For this exercise, reproduce only the lines from the one holding "客房的卫浴空间空间独立,宽敞" through the final line of the data below, exactly, and omit pictures.
___ Dataset excerpt
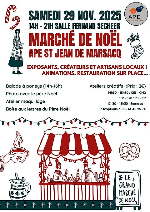L’APE de l’Ă©cole de St Jean de Marsacq organise son marchĂ© de NoĂ«l annuel, avec de nombreux exposants et artisans locaux et des animations pour les enfants.
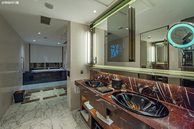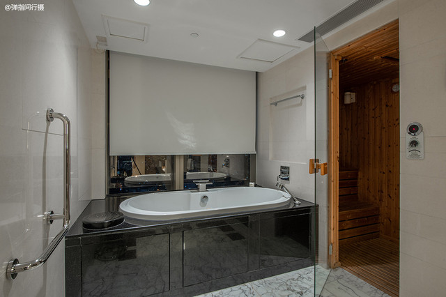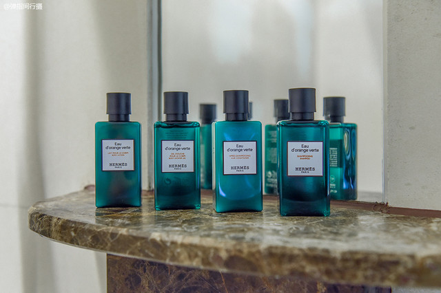 客房的卫浴空间空间独立,宽敞明亮,地板、洗漱台全部采用天然大理石,光是建材用料方面就已经让人感到贵气十足。卫浴空间除了配置有城景浴缸之外,更有私家干蒸桑拿房,洗浴用品也采用了爱马仕“橘绿之泉”洗护套装,以柑橘精油及柠檬香气为主成分,前味融入了佛手柑、柠檬及鲜橙的爽朗清新,带出无以言表的奢华感。
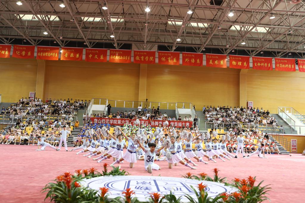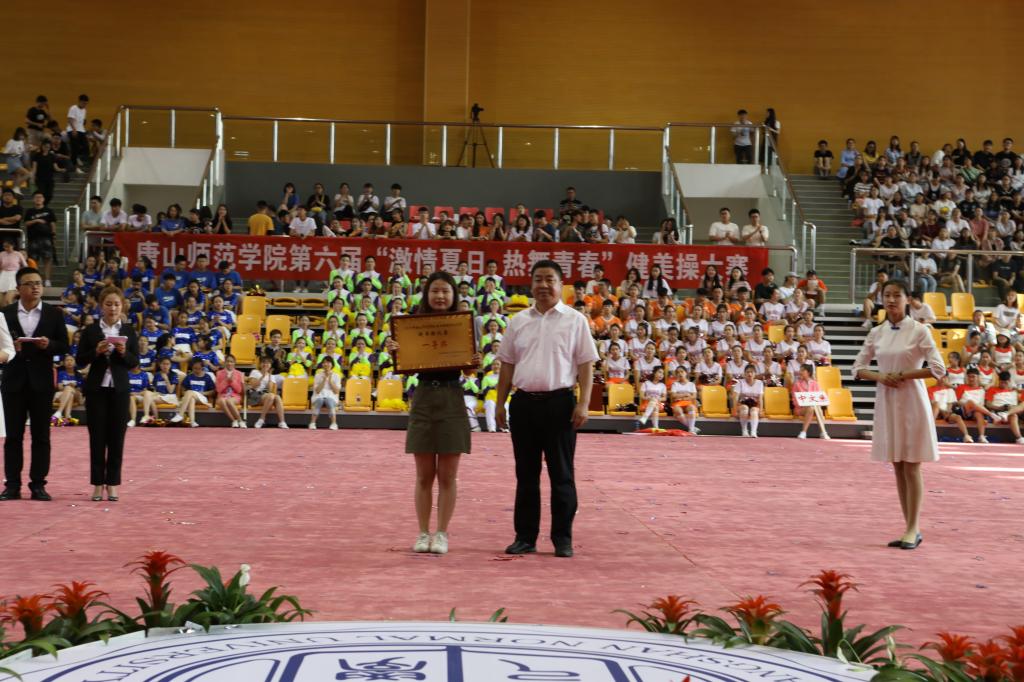 2019年6月21日下午,由校团委主办、体育系承办的第六届“激情夏日,热舞青春”健美操大赛在北院文体馆隆重举行。校党委常委安文忠副院长、学工部孟祥昕部长、后勤处陈克良处长、体育系杨焱书记、学工部蔡玉梅副部长和校团委刘继祥书记出席本次活动,体育系教师赵晓忠、果召全、王松岩、孙宏炜、王立芝、阚晓庆、尤婧玮和孙庆浩担任此次大赛的评委。
______
## Answer box
 客房的卫浴空间空间独立,宽敞明亮,地板、洗漱台全部采用天然大理石,光是建材用料方面就已经让人感到贵气十足。卫浴空间除了配置有城景浴缸之外,更有私家干蒸桑拿房,洗浴用品也采用了爱马仕“橘绿之泉”洗护套装,以柑橘精油及柠檬香气为主成分,前味融入了佛手柑、柠檬及鲜橙的爽朗清新,带出无以言表的奢华感。
 2019年6月21日下午,由校团委主办、体育系承办的第六届“激情夏日,热舞青春”健美操大赛在北院文体馆隆重举行。校党委常委安文忠副院长、学工部孟祥昕部长、后勤处陈克良处长、体育系杨焱书记、学工部蔡玉梅副部长和校团委刘继祥书记出席本次活动,体育系教师赵晓忠、果召全、王松岩、孙宏炜、王立芝、阚晓庆、尤婧玮和孙庆浩担任此次大赛的评委。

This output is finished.